Local reads are fast enough, but the additional interceptors and stage callbacks in (transactional) replicated mode seem to impact with the async interceptor stack a lot more than the classic one.
One thing that's different with the new interceptors is that invokeNext() doesn't call command.acceptVisitor(nextInterceptor) directly. Instead it calls nextInterceptor.visitCommand(), and the interceptor decides whether to use double-dispatch (by extending DDAsyncInterceptor) or another strategy.
In theory this allows us to use simpler interceptors, e.g. having just the methods visitReadCommand(), visitWriteCommand(), and visitTxCommand(). CallInterceptor already calls command.perform() for each command. For now, however, most interceptors extend DDAsyncInterceptor, and tx replicated reads are slower than in 9.0.0.Alpha0.
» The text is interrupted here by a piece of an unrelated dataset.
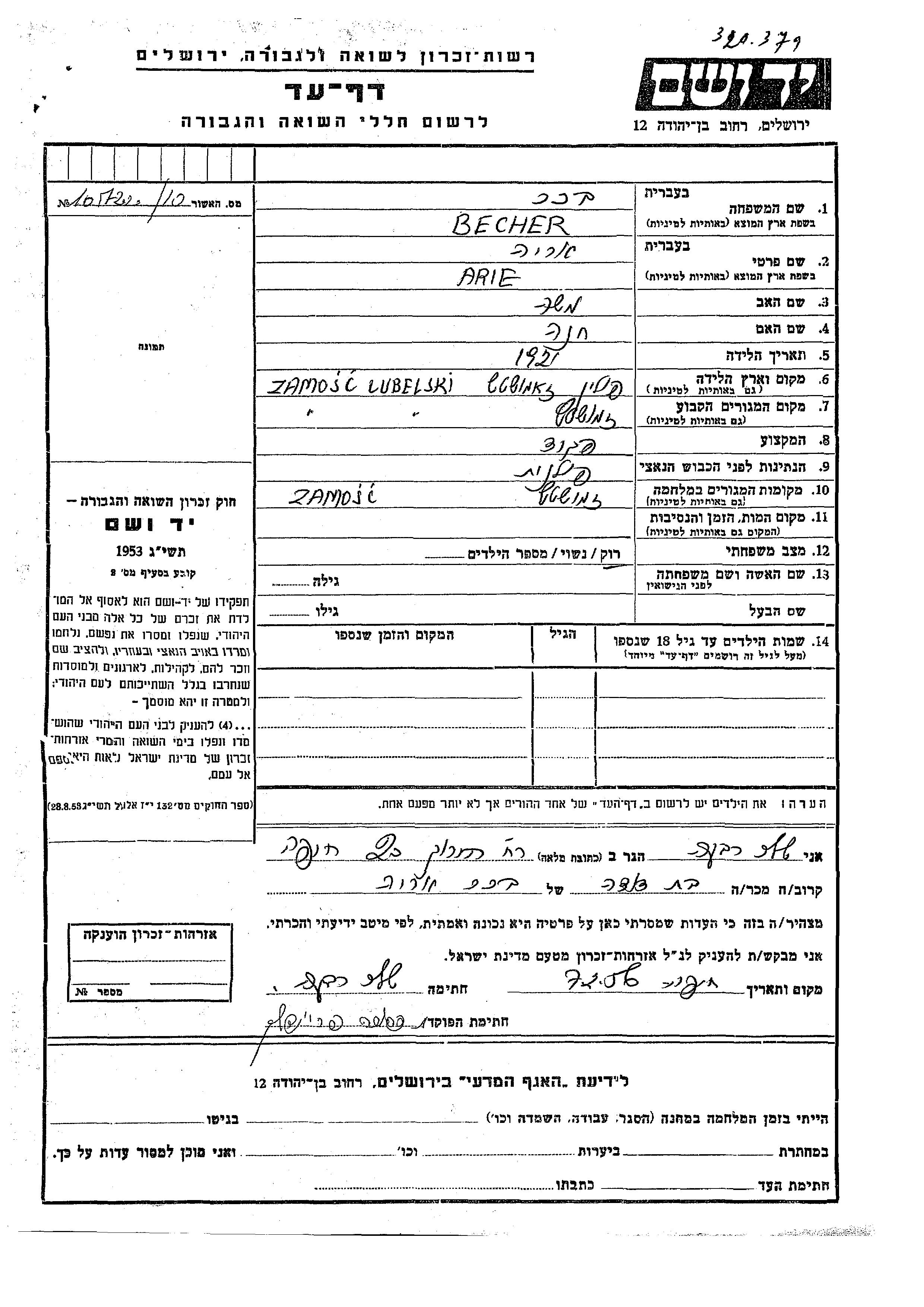 Arie Becher wurde im Jahr 1921 in Zamosc, Polen geboren. Er war der Sohn von Moshe und Khana. Er war Angestellte/-r und Ledig. Vor dem Zweiten Weltkrieg lebte er in Zamosc, Polen. Während des Krieges war er in Zamosc, Polen.

With transactions, the VisitableCommand.acceptVisitor( call site in DDAsyncInterceptor.visitCommand is megamorphic (since the initial preload uses put, prepare, and commit). Adding a special check in invokeNext() to invoke command.acceptVisitor(nextInterceptor) didn't help, but adding a special check for GetKeyValueCommand made a big difference on my machine:
|9.0.0.Alpha0 (CommandInterceptor)||4937351.255 ±(99.9%) 61665.164 ops/s|
|9.0.0.Beta1 (AsyncInterceptor)||4387466.151 ±(99.9%) 78665.887 ops/s|
||4247769.260 ±(99.9%) 133767.371 ops/s|
|master||4710798.986 ±(99.9%) 166062.177 ops/s|
|master with GKVC special case||5749357.895 ±(99.9%) 87338.878 ops/s|